From The Wall Street Journal

Massachusetts officials thought they were close to securing future supplies of green energy by piping in hydroelectric power from Canada.

But a week after Massachusetts said yes to the $1.6 billion project, neighboring New Hampshire said no, jeopardizing the 192-mile transmission line that would bring in the electricity through the Granite State.

The rejection earlier this month marked the latest example of how hard it is to build large energy infrastructure in New England, which is pursuing aggressive renewable power goals and sometimes strains to meet current, pressing electricity needs.

The six-state region—where electricity costs are 56% above the national average—is heavily dependent on natural gas-fired powerafter years of losing older, uneconomic coal, oil and nuclear plants to retirement. Gas is also in high demand for heating area homes.

Yet New England sometimes has difficulty importing enough natural gas to satisfy its needs due to a shortage of pipelines, including conduits to the cheap natural gas being produced less than 400 miles away from Boston, in Pennsylvania, where shale drilling has helped trigger a boom.

“The not-in-my-backyard concept is extraordinarily powerful in New England,” said Chris Lafakis, the head energy economist at Moody’s Analytics.

New England turned to burning oil for electricity during a two-week winter cold snap around Christmas and New Year’s, using about 2 million barrels—more than twice the oil burned in all of 2016, according to ISO New England, the organization that runs the region’s power grid. The strain was so acute that the North American arm of French energy company Engie SA recently brought a shipment of liquefied natural gas—including fuel that originated about 5,000 miles away in Russia—to Everett, Mass., from Europe.

ISO New England warned in a February report that without some new infrastructure, “keeping the lights on in New England will become an even more tenuous proposition.” With more power plants set to retire in coming years, ISO New England said, the grid is likely to be at risk of fuel shortages and rolling blackouts.

The region’s energy constraints and high costs are an irritant for business groups such as Associated Industries of Massachusetts, which represents several thousand businesses. It says those costs make it harder for companies to compete, putting jobs at risk.

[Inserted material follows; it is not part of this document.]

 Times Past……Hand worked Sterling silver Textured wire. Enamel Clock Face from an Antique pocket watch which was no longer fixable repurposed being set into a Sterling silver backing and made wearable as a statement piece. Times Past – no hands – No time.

Energy constraints also frustrate some of the area’s politicians, including New Hampshire Gov. Chris Sununu, who opposed his state’s decision to block the power line to Massachusetts, known as Northern Pass.

The power line defeat “sends a pretty bad message out there that our process isn’t conducive to looking at new ideas,” Mr. Sununu, a Republican, said in a radio interview earlier this month. “You can’t just say no to everything.”

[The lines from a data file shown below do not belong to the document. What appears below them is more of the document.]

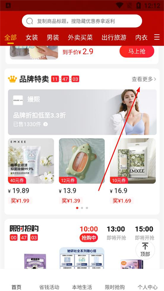 2、在主界面找到品牌特賣板塊,點擊查看更多,瀏覽該板塊下的各類商品,選擇感興趣的品牌商品,點擊進入對應的商品列表頁面。
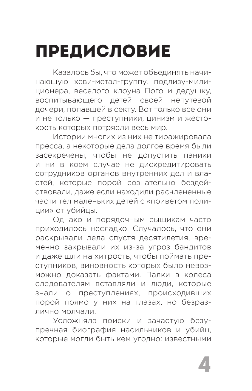 Казалось бы, что может объединять начинающую хеви-метал группу, подлизу-милиционера, веселого клоуна Пого и дедушку, воспитывающего внуков, брошенных его непутевой дочерью, попавшей в секту. Вот только все они - преступники, цинизм и жестокость которых потрясли весь мир. В этой книге собраны самые леденящие душу истории, пугающие воображение своей жестокостью. Автор не просто рассказывает о страшных преступлениях, но и пытается разобраться в том, почему самые обычные люди вдруг превращаются в ужасных монстров. - Кто такой Сибирский Потрошитель? - Чем промышляла банда санитаров? - Почему семья Чичжон стала известной? Ответы на эти и многие другие вопросы вы найдете на страницах этой книги!
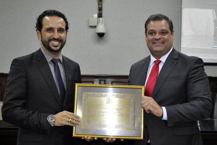 O advogado e empresário Luciano de Oliveira emocionou-se na cerimônia em que recebeu o título de ‘Cidadão Bebedourense’, na noite de sexta-feira (11), na Câmara Municipal.
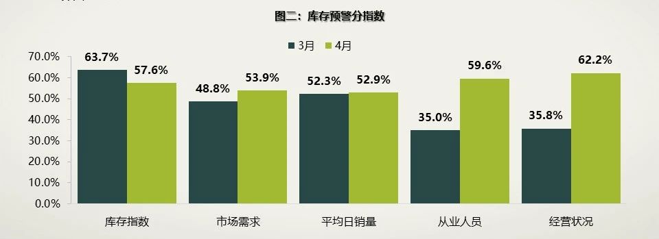 从分指数情况看:调查显示,4月份库存指数环比下降,市场需求指数、平均日销量指数、从业人员指数、经营状况指数环比上升。
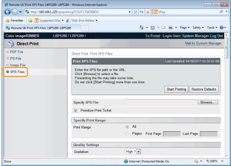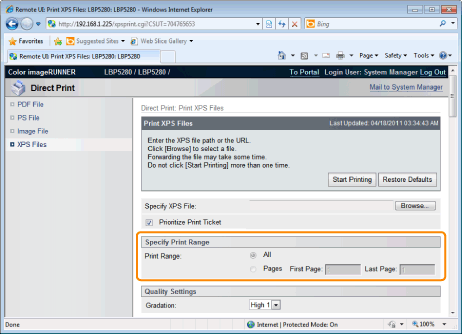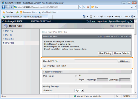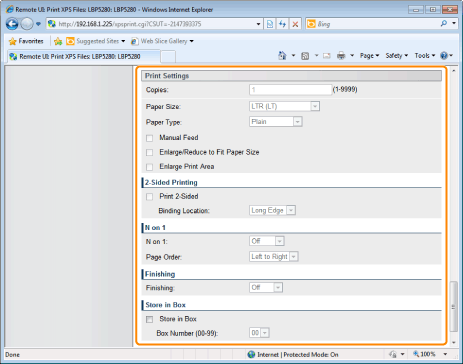 If the [Prioritize Print Ticket] check box is selected, some items cannot be set via the Remote UI. To use all the print settings made via the Remote UI, clear the [Prioritize Print Ticket] check box.

New England states have ambitious mandates to meet future electricity needs with clean energy—populous Massachusetts wants 40% of its power from clean energy sources by 2030. Those goals have spurred some renewable energy installations, including dozens of projects totaling more than a gigawatt of wind-powered capacity.

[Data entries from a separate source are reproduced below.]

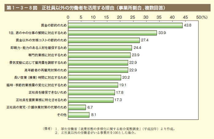 図表 > 第1部 > 第3章 > 第8図 正社員以外の労働者を活用する理由(事業所割合,複数回答)
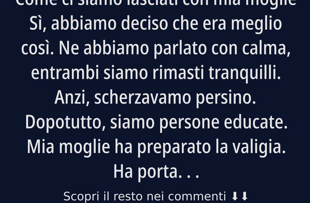 Come ci siamo separati io e mia moglie: una decisione tranquilla tra persone civili, lei parte con l…
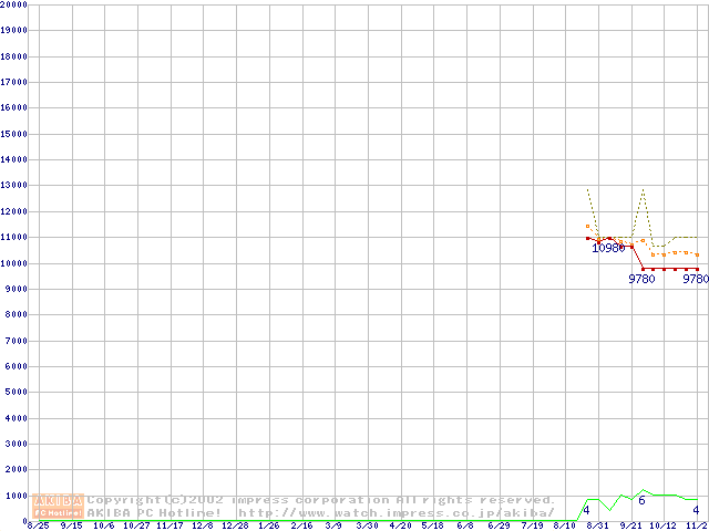 Socket A (OPGA,FSB 200MHz,L2 256KB)の最安値推移
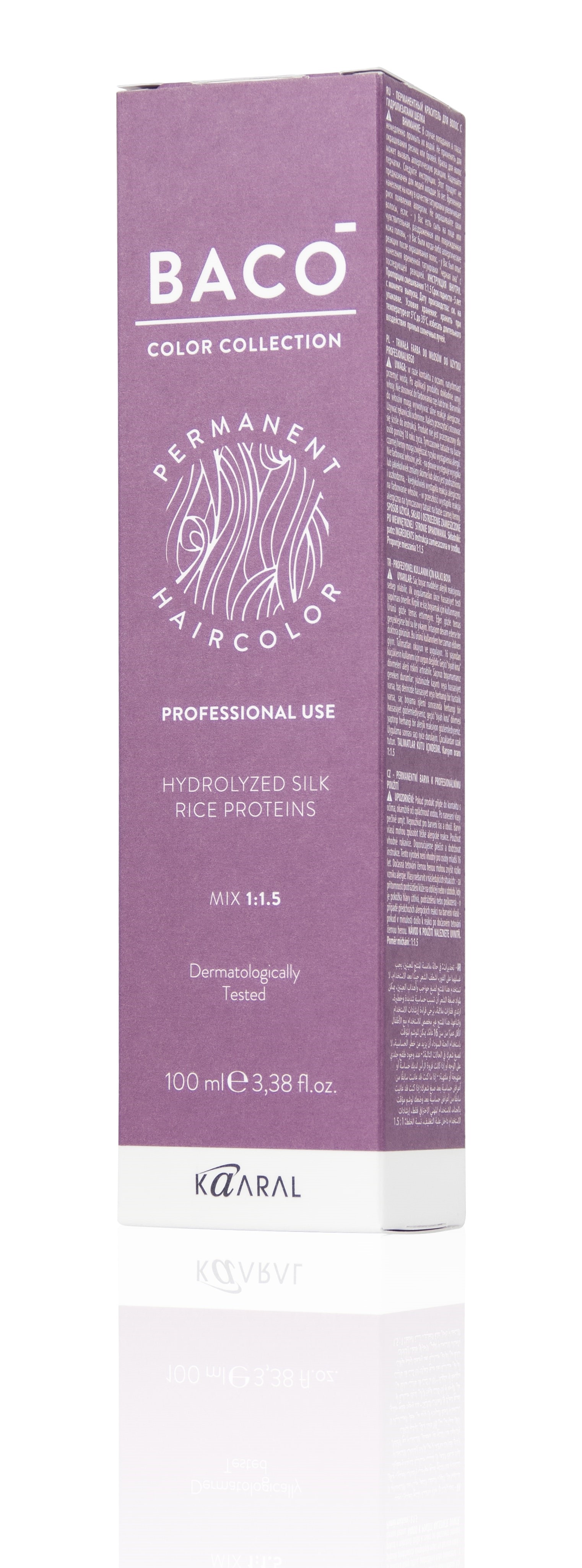 Краситель Kaaral Baco Permament Haircolor with Hydrolized Silk – это инновационный краситель для волос, сочетающий в себе последние достижения в области смены цвета локонов и удивительно бережное отношение к прядям в течение всей процедуры. Уникальная формула, основанная на технологии Micro Pigment Technology, обеспечивает стойкое, равномерное и насыщенное окрашивание, наполняет цветом седые волосы. Благодаря минимальному размеру, молекулы красящего пигмента с легкостью проникают в структуру волос, надежно закрепляются в кортексе и дарят локонам удивительно яркий сияющий цвет. Окрашивание и уход – это основная концепция итальянского бренда Kaaral. Поэтому состав краски обогащен гидролизованным натуральным шелком – источником 17 аминокислот, которые достраивают поврежденный структуру волос и придают прядям потрясающую гладкость, силу и блеск.
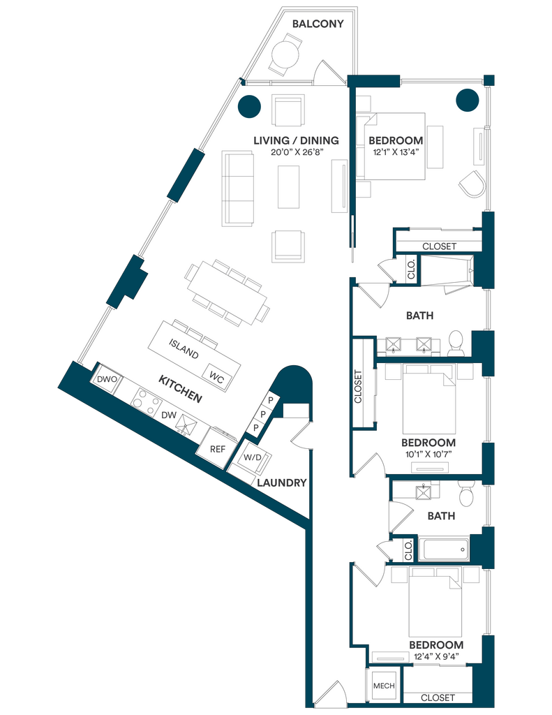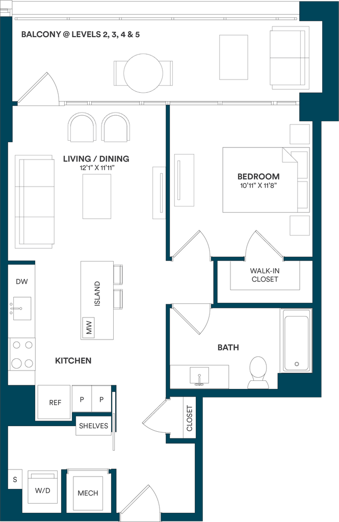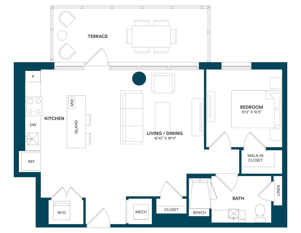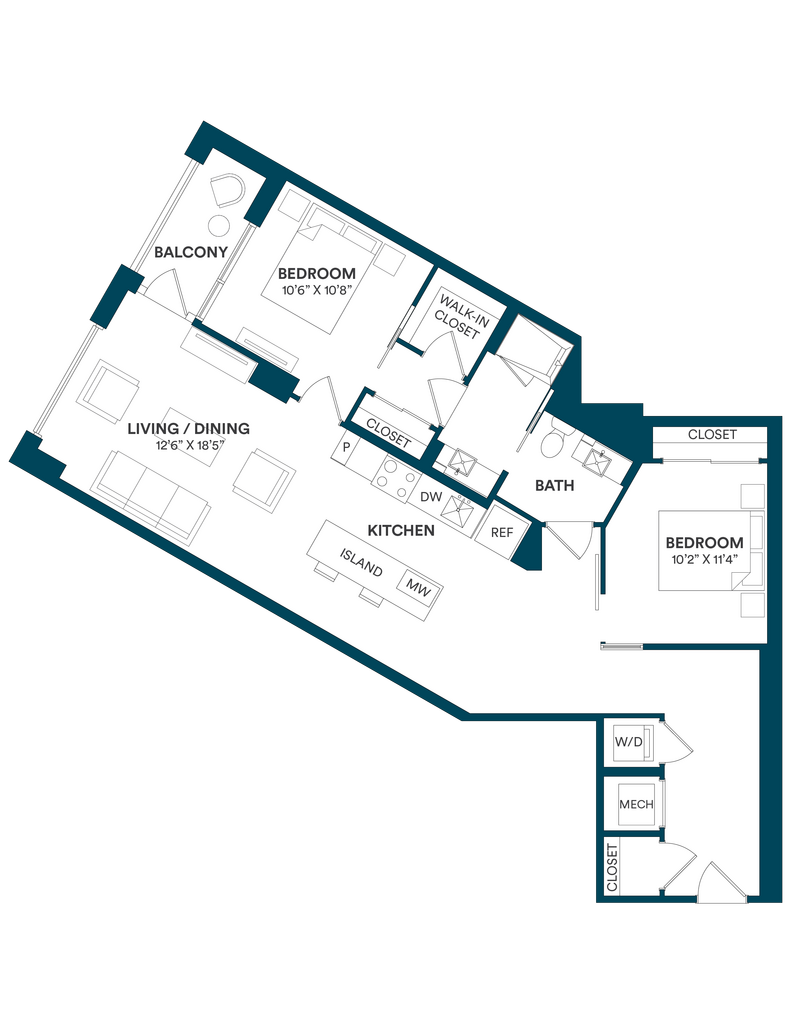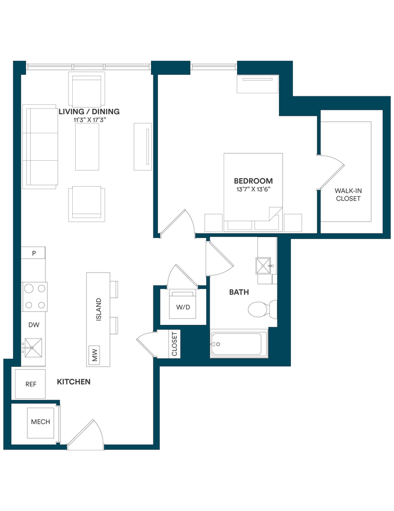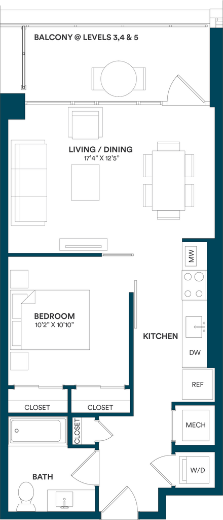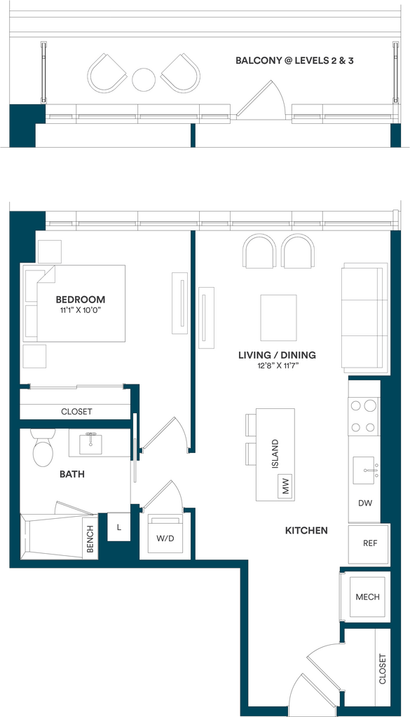 Studio-C TYP 12 - Floorplan Apartment Unit: C-712Apartment Model: Studio-C TYP 12$2,169Studio, 1 Bath, 499 sq ftAvailable Now![]()
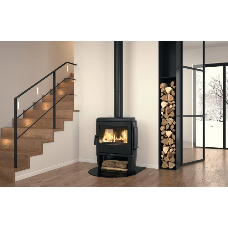 La large vitre panoramique offre une belle vision des flammes, et le corps en fonte accumule la chaleur pour la restituer progressivement.

But the large-scale energy infrastructure to meet those goals and increase access to fuel supplies in the region has been a nonstarter in recent years.

The developers of Cape Wind, an offshore wind farm once planned off Cape Cod, formally gave up last year after more than a decade of intense local opposition and legal challenges.

Kinder Morgan Inc. in 2016 abandoned a more than $3 billion natural-gas pipeline, Northeast Energy Direct, saying it didn’t have enough buy-in from utilities and faced a tough regulatory environment. The pipeline drew stiff opposition from environmentalists and communities worried about property values, potential safety issues and damage to the landscape.

Massachusetts officials hoped to take a big step toward their green-energy goals with the Northern Pass power line, which would import enough cheap hydroelectric power from Quebec to light up as many as 1.1 million homes. Adding a major resource that wasn’t gas was a selling point. “Resources such as hydropower are critical to us,” said Matthew Beaton, the state’s energy and environmental affairs secretary, when the selection was announced last month.

But in woodsy New Hampshire, the idea of turning part of the state into an extension cord for Massachusetts has long been controversial. New Hampshire’s Site Evaluation Committee voted the project down this month, citing concerns including a negative impact on tourism and property values.

Eversource Energy , which proposed the line, is mounting an appeal, arguing that the committee didn’t give the project proper consideration. “We’re going to remind them of their legal obligation to do so,” said Eversource New Hampshire President Bill Quinlan.

Massachusetts officials have said they are sticking with Northern Pass for now, but will also start negotiating with the developers of another project that could bring Canadian hydropower via a transmission line through Maine, though not as quickly.

Some environmentalists played down concerns that New England can’t get energy projects built.  Peter Rothstein, president of the Northeast Clean Energy Council, said his group supports infrastructure that leads to cleaner power, like offshore wind, which he called a huge resource right off the New England coastline.

“It’s not that you can’t get something built, it’s that you have to get the process right,” he said.